Del resto, come prevede l'art. 1102 c.c., la condotta del condomino non può pregiudicare la funzionalità di una parte comune né comprimere il pari uso spettante agli altri partecipanti, sicché qualsiasi opera che limiti o ostacoli l'utilizzo del bene comune risulta vietata (Cass. civ., sez. II, 26/12/2025, n. 34222). In ogni caso, quando esiste un regolamento di natura contrattuale che contiene un divieto espresso, come quello che vieta qualsiasi delimitazione dei posti auto diversa dai tracciati a terra, tale divieto prevale e vincola tutti i condomini, impedendo al singolo di eseguire opere che ne violino il contenuto, anche se realizzate all'interno della propria area esclusiva.
Nel caso esaminato, il proprietario del posto auto ha installato una serranda dentro la sua area esclusiva, interrompendo il binario del portone comune che correva fisicamente nel suo posteggio.
Come è stato sottolineato nella sentenza in commento, può accadere che una parte comune o perfino una parte della proprietà esclusiva di un singolo venga "invasa" o limitata da regole che incidono sul suo utilizzo. Questo è possibile solo quando i condomini hanno tutti accettato espressamente tali limitazioni, sia attraverso gli atti di acquisto, sia tramite il regolamento c.d. contrattuale.
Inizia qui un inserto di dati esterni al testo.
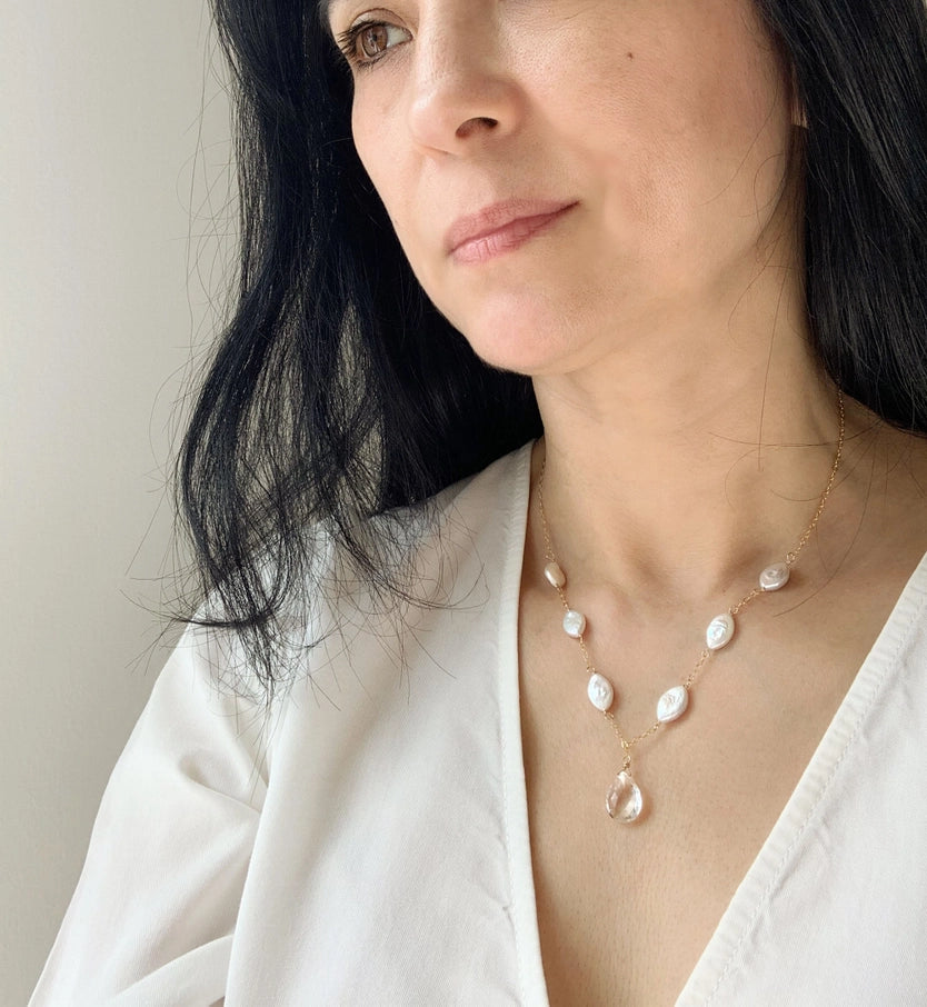 Oval Pearl Drop Necklace
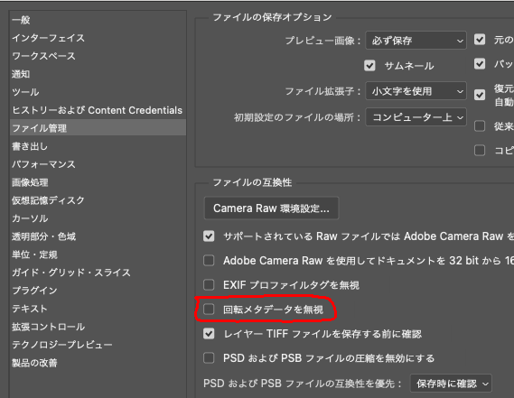 これ、環境設定「回転メタデータを無視」でオフにできるんだけど、
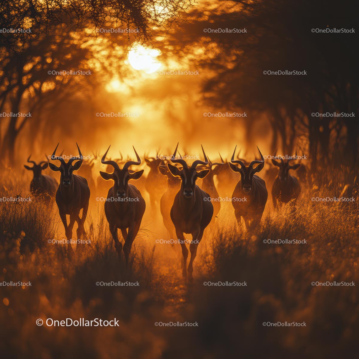 Herd of Antelopes Running Through Golden Savannah at Sunset
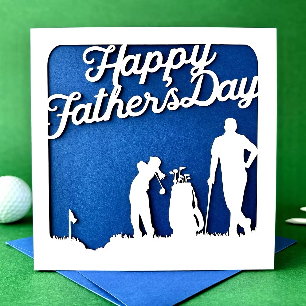 The crisp white top layer is precision laser-cut to reveal a vibrant background, creating a bold, architectural feel. It’s more than just a card—it’s the ultimate way to celebrate the man who never misses a tee time and always keeps his eye on the ball.

I condomini, cioè, possono decidere liberamente di stabilire regole che limitano i loro stessi diritti individuali, purché lo facciano consapevolmente e nell'interesse comune. Quando tali regole vengono approvate all'unanimità, come nel caso del regolamento contrattuale approvato o accettato da tutti, esse diventano vincolanti per tutti, anche se incidono sull'uso di parti esclusive.
Nel caso concreto, il proprietario del posto auto aveva accettato, insieme agli altri, il regolamento contrattuale che vietava qualsiasi delimitazione dei posti auto diversa dai tracciati a terra. Questa clausola serviva proprio a evitare che ciascun condomino potesse chiudere o modificare la propria area in modo da ostacolare l'uso delle parti comuni.
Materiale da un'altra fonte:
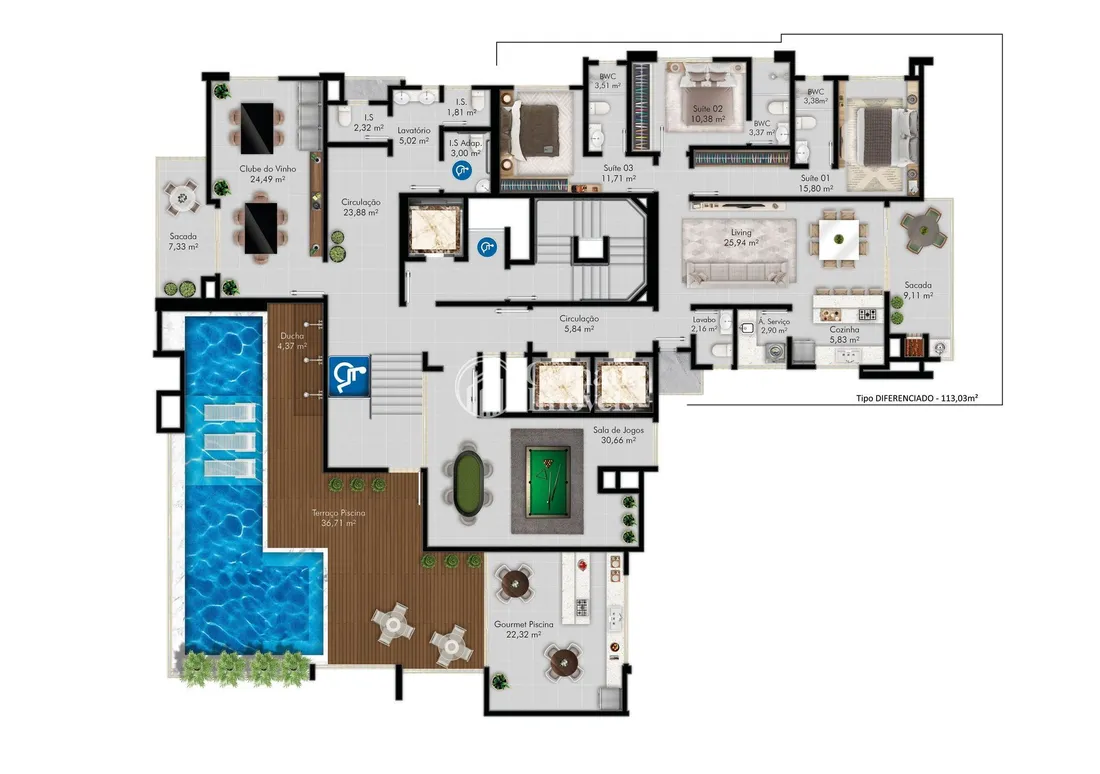Área privativa de apartamento do Tipo 3: 113,18 m²
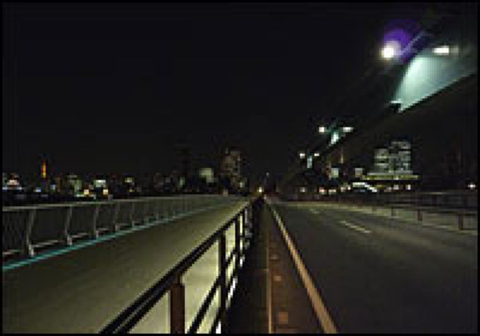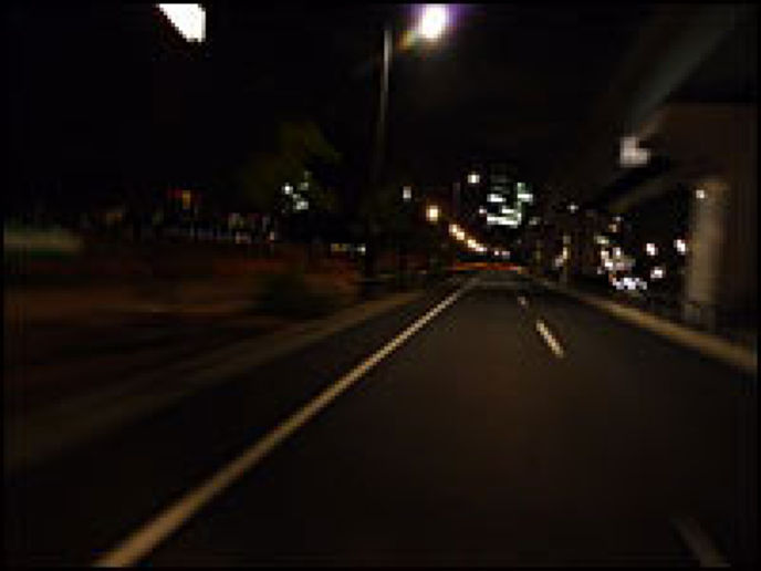 街灯の暗い、荒れた路面の、人影の無い道を行く。
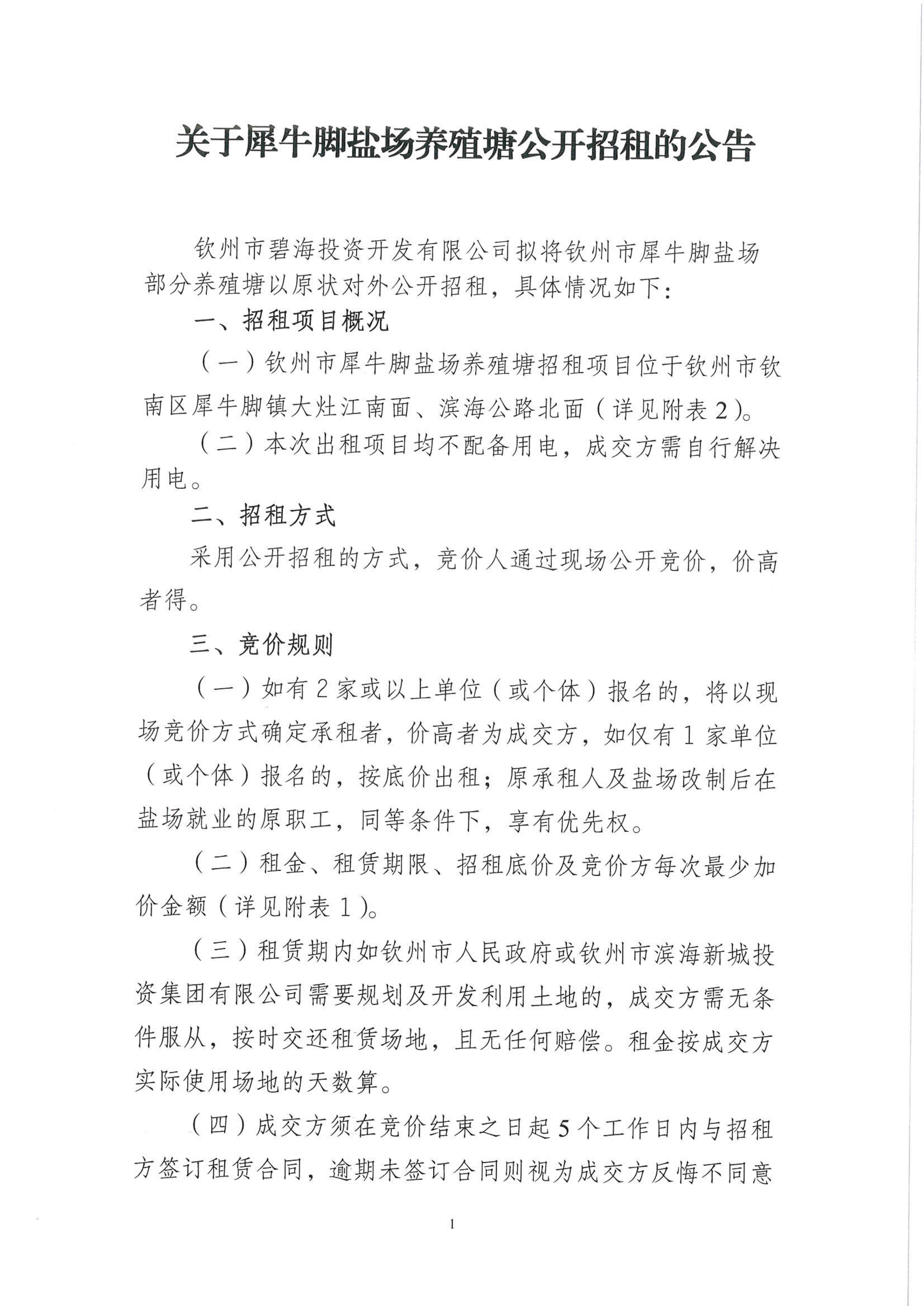 關于犀牛腳鹽場養(yǎng)殖塘公開招租的公告

Nonostante ciò, il proprietario ha installato una serranda che ha interrotto il binario del portone comune, modificandone la funzione e impedendo agli altri condomini di utilizzare il secondo accesso carrabile. In questo modo ha violato la regola che lui stesso aveva accettato e ha leso un diritto comune, rendendo necessario il ripristino. In tal caso il condomino deve ripristinare integralmente la funzionalità del bene comune e risponde delle spese di lite.